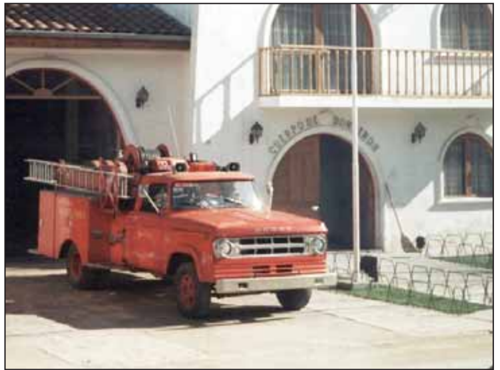
Esta vieja bomba nos recuerda los años de servicio de esta ejemplar familia bomberil de San Esteban.

Durante febrero se han estado efectuando otras ac-
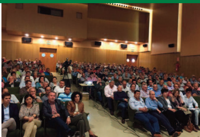
Jornada sobre "la problemática del riego por sondeo"
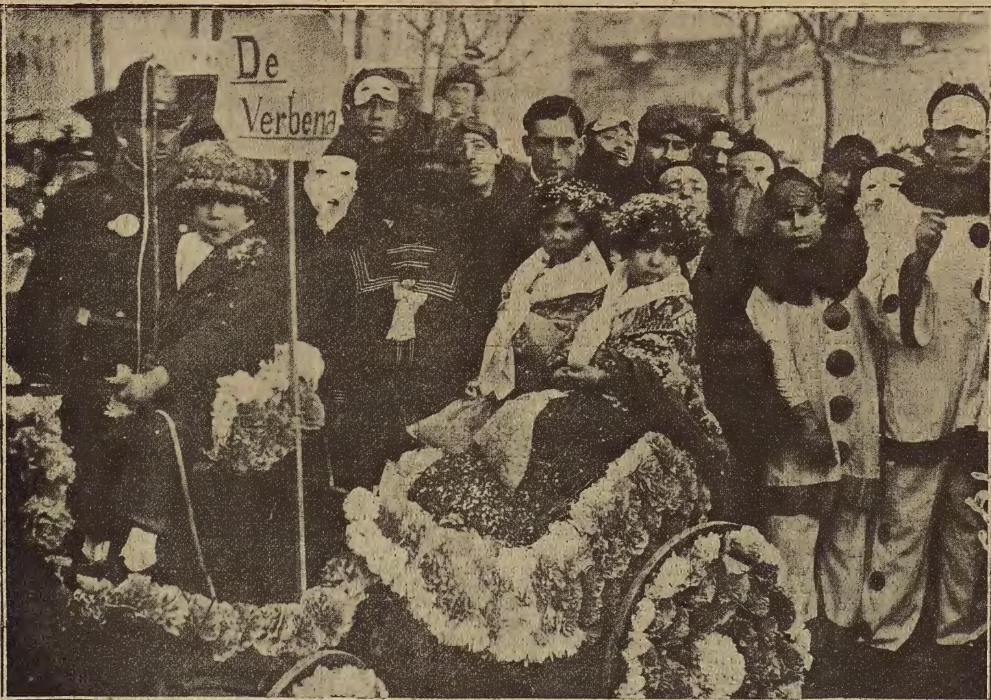
EL CARNAVAL EN MADRID.--Cohechito de niños «De verbena», que llamó mucho la atención

La lesionada fué llevada al Hospital clínico donde el médico de guardia, doctor Sancho, le apreció una herida contusa en la región picipital, calificada de pronóstico reservado. Quedó hospitalizada en la Facultad.
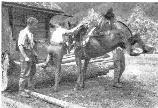
Allerlei aus dem Soldatenleben. Ein ungemütlicher Herr! Croquis de la vie de soldat. Un « monsieur » peu agréable!

In den Vereinigten Staaten von Nordamerika unternimmt man Versuche, Truppen im Flugzeug zu transportieren und hinter der feindlichen Front zu landen. Das begegnet natürlich besonders Landungsschwierigkeiten, weshalb für solche Unternehmungen am ehesten Wasserflugzeuge in Betracht fallen. Auch hat man Versuche unternommen, die Mannschaften mittels Fallschirmen abspringen zu lassen. So wurde beispielsweise eine Gruppe von sechs Mann, einem Maschinengewehr und der nö-

::::

Work task →
For this exercise, reproduce the data above exactly from the line containing "La lesionada fué" through its final line, both ends included, with no pictures in the copy.

Answer to the exercise →
La lesionada fué llevada al Hospital clínico donde el médico de guardia, doctor Sancho, le apreció una herida contusa en la región picipital, calificada de pronóstico reservado. Quedó hospitalizada en la Facultad.
Allerlei aus dem Soldatenleben. Ein ungemütlicher Herr! Croquis de la vie de soldat. Un « monsieur » peu agréable!

In den Vereinigten Staaten von Nordamerika unternimmt man Versuche, Truppen im Flugzeug zu transportieren und hinter der feindlichen Front zu landen. Das begegnet natürlich besonders Landungsschwierigkeiten, weshalb für solche Unternehmungen am ehesten Wasserflugzeuge in Betracht fallen. Auch hat man Versuche unternommen, die Mannschaften mittels Fallschirmen abspringen zu lassen. So wurde beispielsweise eine Gruppe von sechs Mann, einem Maschinengewehr und der nö-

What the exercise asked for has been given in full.